## PROBLEM DETAILS
Copy every entry below exactly as it appears, leaving out the images.

## TASK INPUT
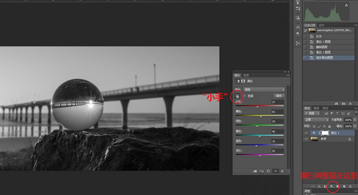 在Photshop里將一張彩色照片轉(zhuǎn)黑白可以是非常簡單(且無聊)的,你只要點擊圖像>調(diào)整>去色,就可以完成。但如果你想讓這張黑白片更上一個層次的話,不妨用一個“黑白調(diào)整層”去調(diào),你可以用6個顏色的滑塊去控制圖像的主要顏色,還可以用那個“小手”工具單擊圖片任何的區(qū)域,進行區(qū)域性的調(diào)整。
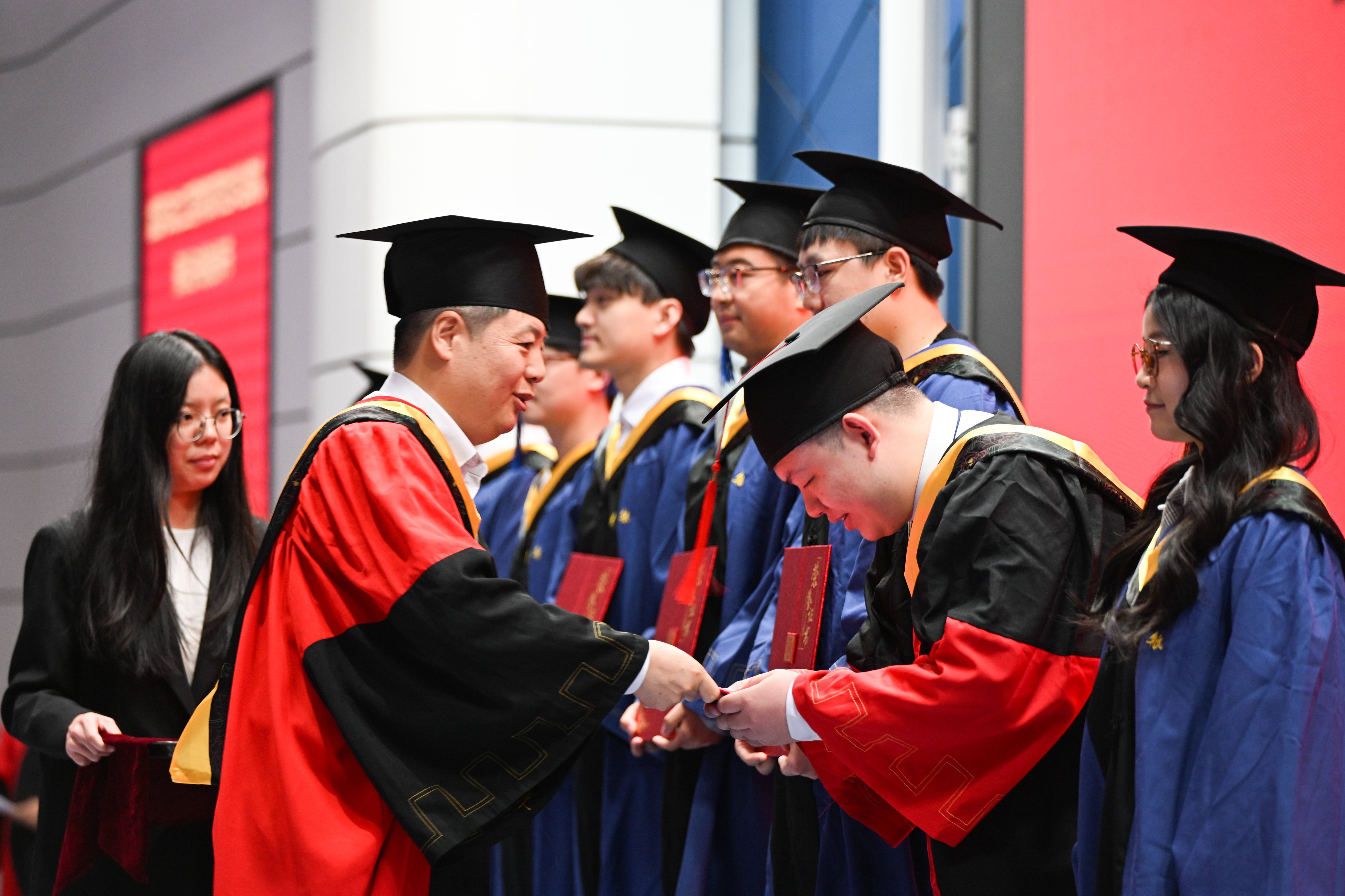 典礼的最后是2025届研究生毕业生学位授予仪式,院领导及导师代表为在场的毕业生拨苏正冠,送上美好祝愿。
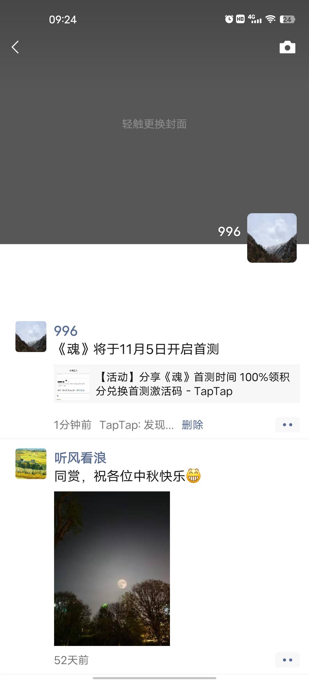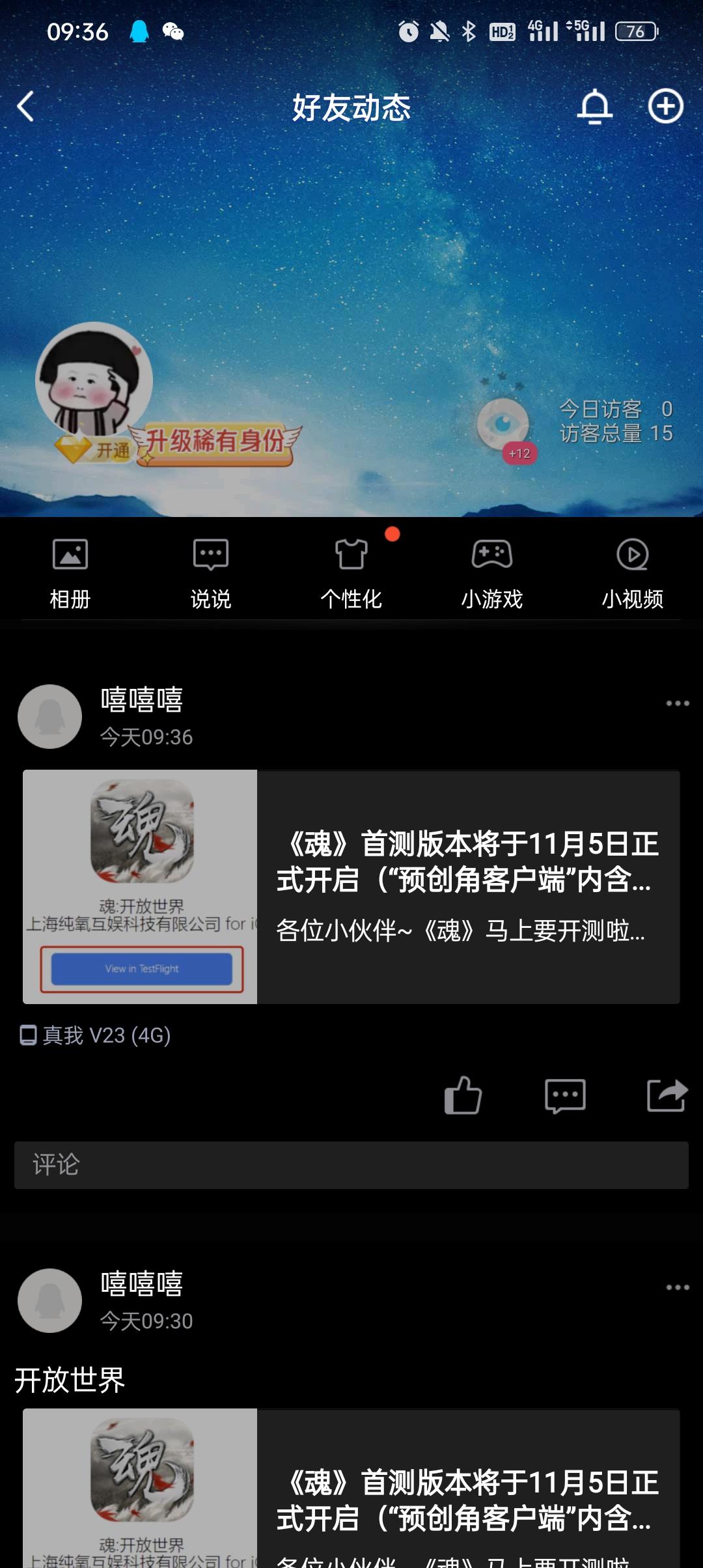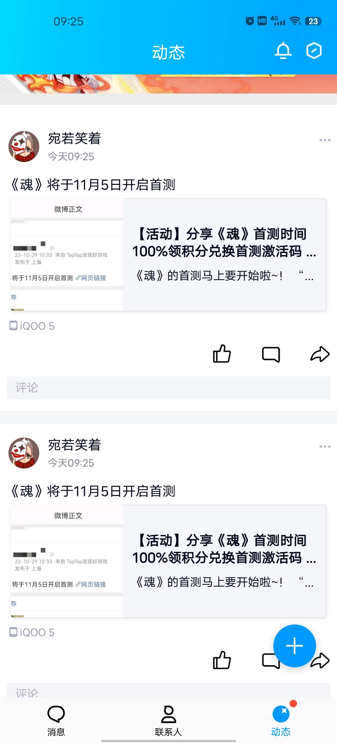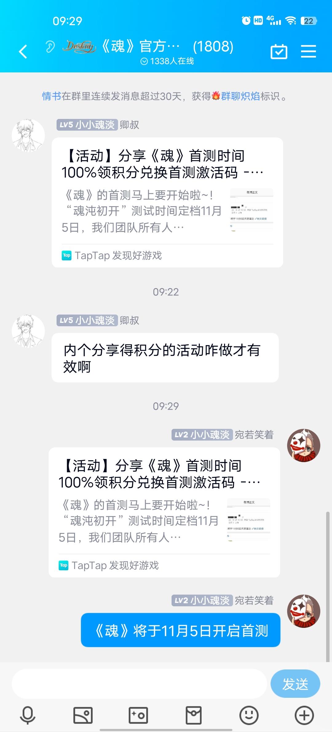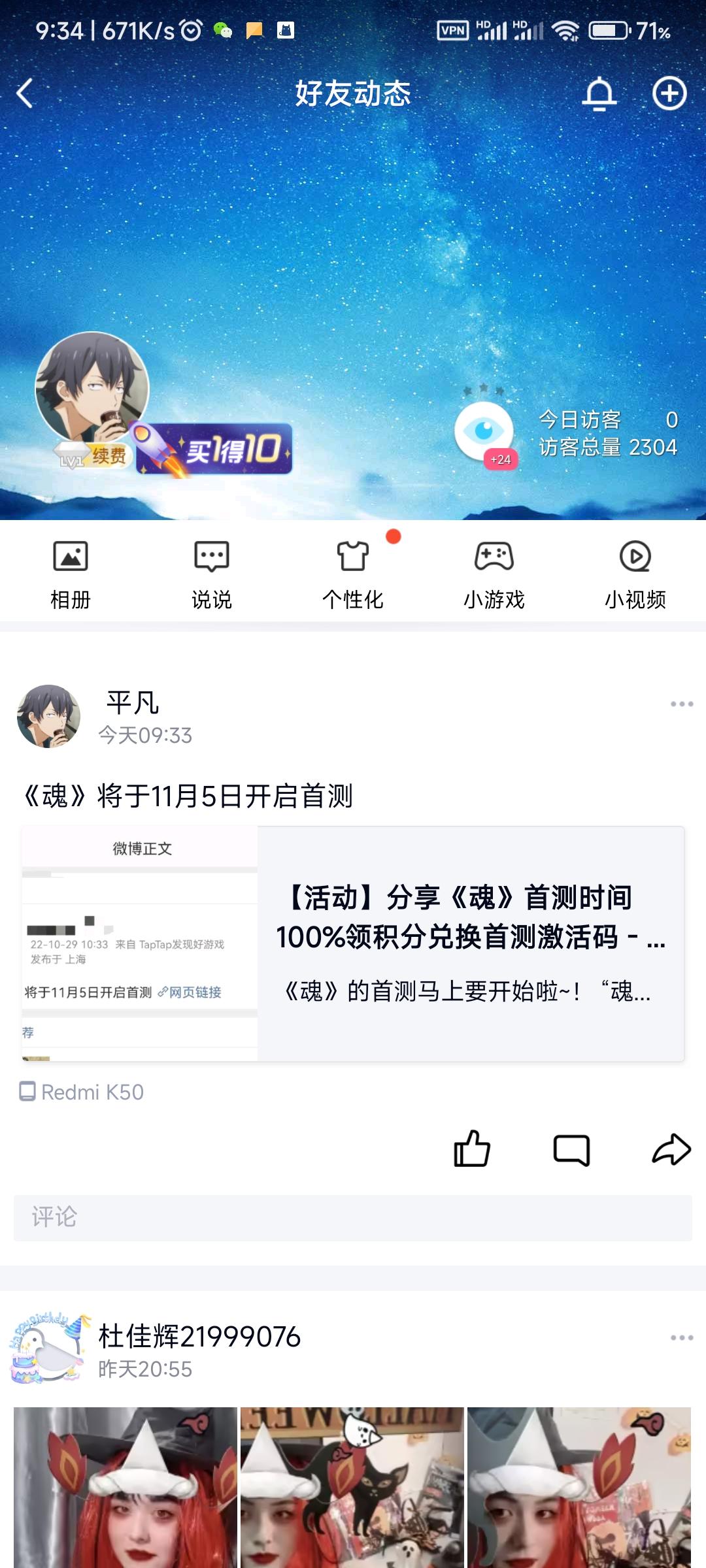 微信朋友圈+QQ动态+QQ4个群也就是100积分,感谢官方大大, 我来参与《魂》11月5号的首测了
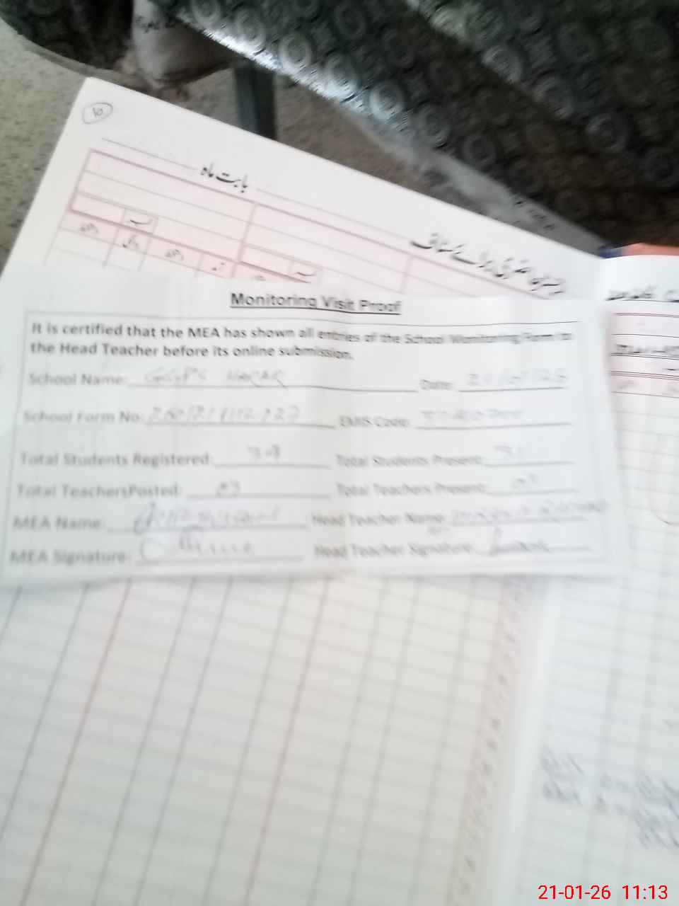 | Attendance Register | Head Teacher | MEA with School | Visit Proof |
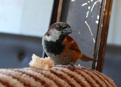 прилетел в летнее кафе воробей и начал чирикать-просить угостить кусочком хлеба
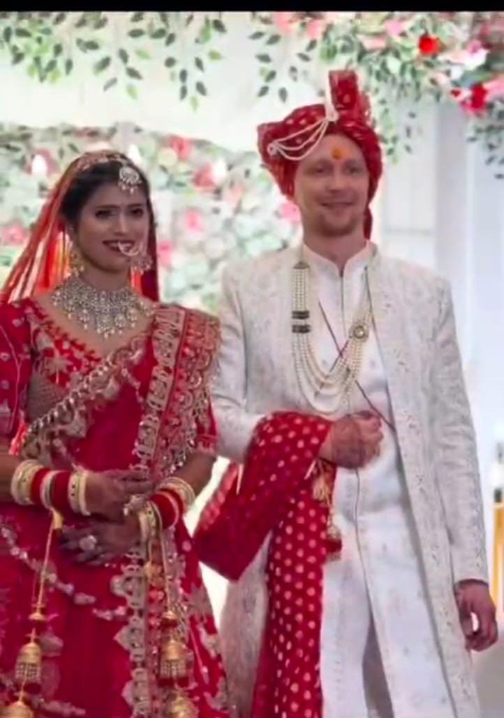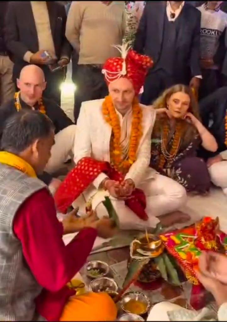 दूल्हे के साथ जर्मनी से आए परिवार के 16 सदस्य, भारतीय रंग और संस्कृति में पूरी तरह रंगे नजर आए।
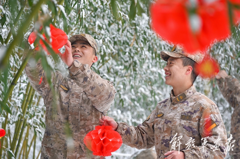 火箭軍某部官兵裝點(diǎn)哨所喜迎新春。(攝影/曹書麗雅)

## OUTPUT OF THE EXERCISE
 在Photshop里將一張彩色照片轉(zhuǎn)黑白可以是非常簡單(且無聊)的,你只要點擊圖像>調(diào)整>去色,就可以完成。但如果你想讓這張黑白片更上一個層次的話,不妨用一個“黑白調(diào)整層”去調(diào),你可以用6個顏色的滑塊去控制圖像的主要顏色,還可以用那個“小手”工具單擊圖片任何的區(qū)域,進行區(qū)域性的調(diào)整。
 典礼的最后是2025届研究生毕业生学位授予仪式,院领导及导师代表为在场的毕业生拨苏正冠,送上美好祝愿。
 微信朋友圈+QQ动态+QQ4个群也就是100积分,感谢官方大大, 我来参与《魂》11月5号的首测了
 | Attendance Register | Head Teacher | MEA with School | Visit Proof |
 прилетел в летнее кафе воробей и начал чирикать-просить угостить кусочком хлеба
 दूल्हे के साथ जर्मनी से आए परिवार के 16 सदस्य, भारतीय रंग और संस्कृति में पूरी तरह रंगे नजर आए।
 火箭軍某部官兵裝點(diǎn)哨所喜迎新春。(攝影/曹書麗雅)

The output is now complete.